# Ridgid 535/4-p rattletrap



## gilbertjeffrey (Mar 6, 2011)

I bought what I thought was a ridgid 141 for what I thought was a good price the last time I did a large diameter gas job... well it wasn't a 141 its a 4-p, no biggie. Well I sold a job for some 3" chilled water work at a bottle factory and I needed to use my new toy. 

I had initially thought I could run this with a hole hawg, but I quickly realized that wasn't happening. I don't own a 700 or a 300... but I own a 535! 

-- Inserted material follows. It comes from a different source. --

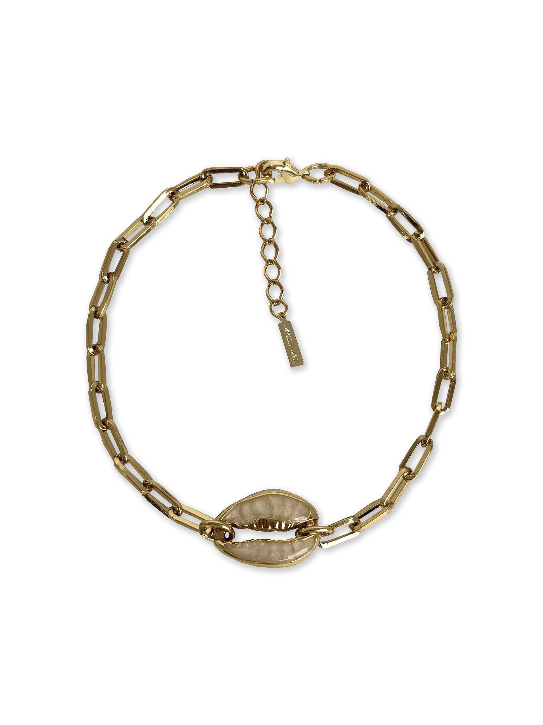 O destaque fica no pingente de búzio, trabalhado em metal banhado a ouro e preenchido com resina perolada ou resina coral, trazendo um toque fresco e sofisticado ao acessório.

I whipped up this rattle trap so I could thread it myself without paying my weekend guy to assist at too much per hour. I cut the 8 required threads tonight after one final modification.. amazing the torque this thing generates... 

watch the vid

http://youtu.be/5rm8vc2rrog


----------



## wyrickmech (Mar 16, 2013)

Nice job on that old piece would have been faster to weld it though.


----------



## ILPlumber (Jun 17, 2008)

I like it. Making stuff is a lot of fun. Good job!


----------



## gilbertjeffrey (Mar 6, 2011)

faster to weld it? perhaps. Alas I'm not certified to weld pipe. Plus, finding fittings on this island can be a chore sometimes. I had to go to 5 different supply houses to get 2 black 45, 2 90 and 2 unions.. Existing installation is threaded so one I woulda been cutting at least 2 threads anyway.


----------



## Tommy plumber (Feb 19, 2010)

Nice job fabricating that set-up. I just bought a Ridgid 535 (used). Didn't realize how heavy it is. I can schlep the 300 around by myself, but the 535 is heavy. I went to pick it up (alone) and could barely get it onto my vehicle......:laughing:


----------



## gilbertjeffrey (Mar 6, 2011)

ya, the 535 is a bear. I made a stand that matched the height of the tailgate of the truck I was running out of at the time. I can get it to and from the job site myself if I have too, but prefer if I have help. Does what it its supposed to tho, and the price was right!


----------